Date: 18th September 2017
Venue: Farmers & Fletchers' Hall
The Masters & Clerks Luncheon
On what must be one of his last official engagements before handing over, the Master was able to welcome his fellow Masters and many of their Clerks as well members of the Worshipful Company of Farmers to Farmers & Fletchers Hall. A guest list, that read like the great and the good of the Livery movement, included representatives of over 40 different Livery Companies and was clear testament to the popularity of this, now annual, event on the City Livery Company calendar.
This luncheon, with its captive audience of City Livery dignitaries, is the ideal opportunity for the Company to fulfil one of its key functions - to educate the City of London about the industry that goes on outside its ancient walls; its importance, value and current state-of-health. As has been common throughout his year, the Master took to the task with commitment and gusto.
The guest speaker, Mr Allan Wilkinson - Head of Agri-Foods at HSBC Bank, admitted to a passion for all things food and farming, that he said he had shared with the Master for over 40 years. He went on to speak about the significant changes that agriculture in the UK is facing with BREXIT on the horizon. And made the point that while farming might be almost the oldest profession on earth, it was one that was, if anything, even more vital today than ever.
Global population had doubled in the last 50 years alone, he told us. And farming has taken over just 12% more land in that time. And with the population set to rise to 9 billion by 2050, the pressure to grow more on less land and with no more water, is increasing exponentially.

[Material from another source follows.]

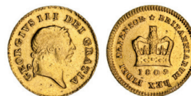
2421* George III, third guinea, second head, 1809 (S.3740). Very fine.

Private purchase from Jaggards with their 2x2 holder.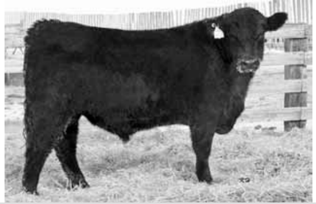
LOT 98 - SASKALTA FAME 167W

He went on to point out just how important farming was in the UK. It is still the UK largest manufacturing industry and employs a huge 14% of the entire UK workforce. And yet we still only 60% self sufficient in food supplies - down from its peak of 87% in the early 1990s. Today we import food from every continent, even the humble Kit-Kat he pointed out requires ingredients from at least 6 different countries. Yet here in the UK we have one of the most skilful and competent agricultural workforces in the world - capable of producing food to some of the highest health and safety and animal welfare standards, seen anywhere.

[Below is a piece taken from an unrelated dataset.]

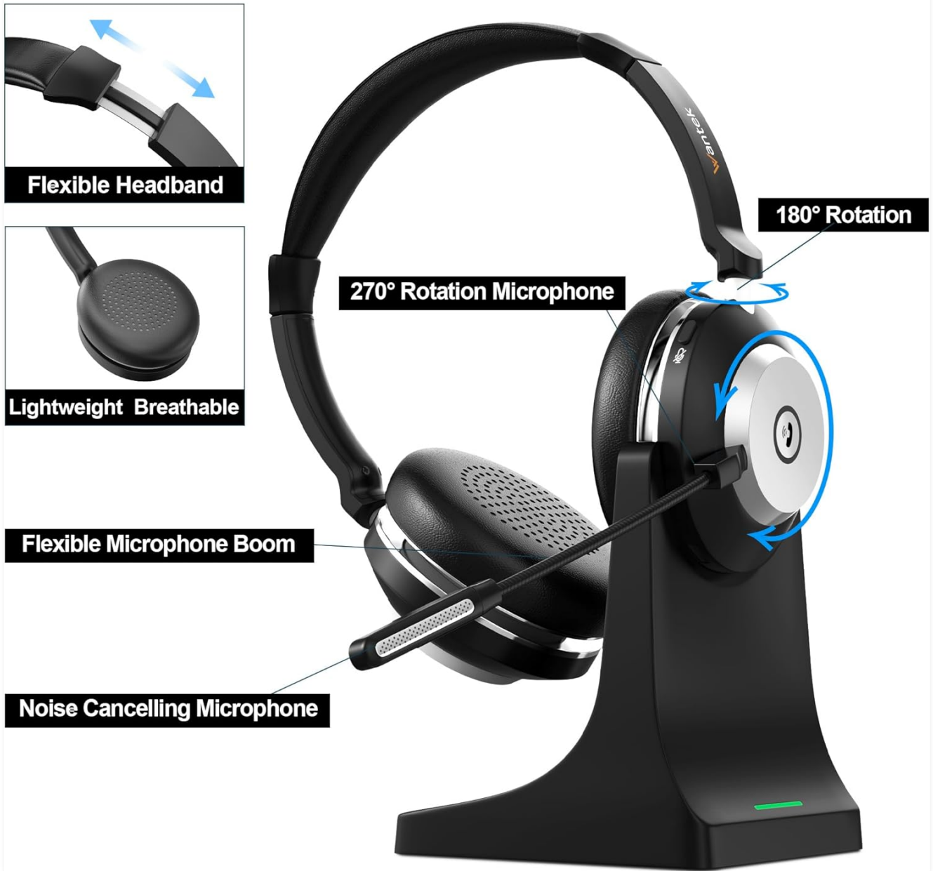
Image: A detailed view of the headset highlighting its ergonomic features, including a flexible headband, lightweight breathable ear cushions, and a 270° rotatable noise-cancelling microphone boom.

He argued that agriculture will be the industry most affected by BREXIT but that it need not be a negative affect. If the UK Government can put in place the right regulatory and support framework for the industry after BREXIT, there is no reason that it can't be as successful in future, as it has in the past.
Speaking after lunch the Master welcomed his fellow Masters and their Clerks and thanked his guest speaker. He was, he said, equally passionate about the agricultural industry, and went on to echo in his own words many of the topics touched on by Mr Wilkinson.
Whilst the Worshipful Company of Farmers was he said, one of the 'Modern Livery Companies', the industry the Company represents was an ancient one. It is he continued, an important source of employment and we are the shapers, moulders, protectors and preservers of the British countryside. Never-the-less we have become disconnected from our consumers.
The public has little appreciation of what 'good food' really is, and even less of where it comes from and how it is grown. We consume more processed food in the UK than any other country in Europe. And in the way we live now we are creating a generation of children that has little or no interest in where their food comes from, or what farming is really like - and have instead an image of the rural idyll, that any farmer will tell you is very far from the truth.
He spoke passionately about the need to reconnect real farming and real food to the consumer and although he conceded, there will be less farmers in future than there are now, they will be even more essential to financial and physical wellbeing of our nation.
He finished with the rousing statement that Farming makes a Difference and so we hope does the Worshipful Company of Farmers.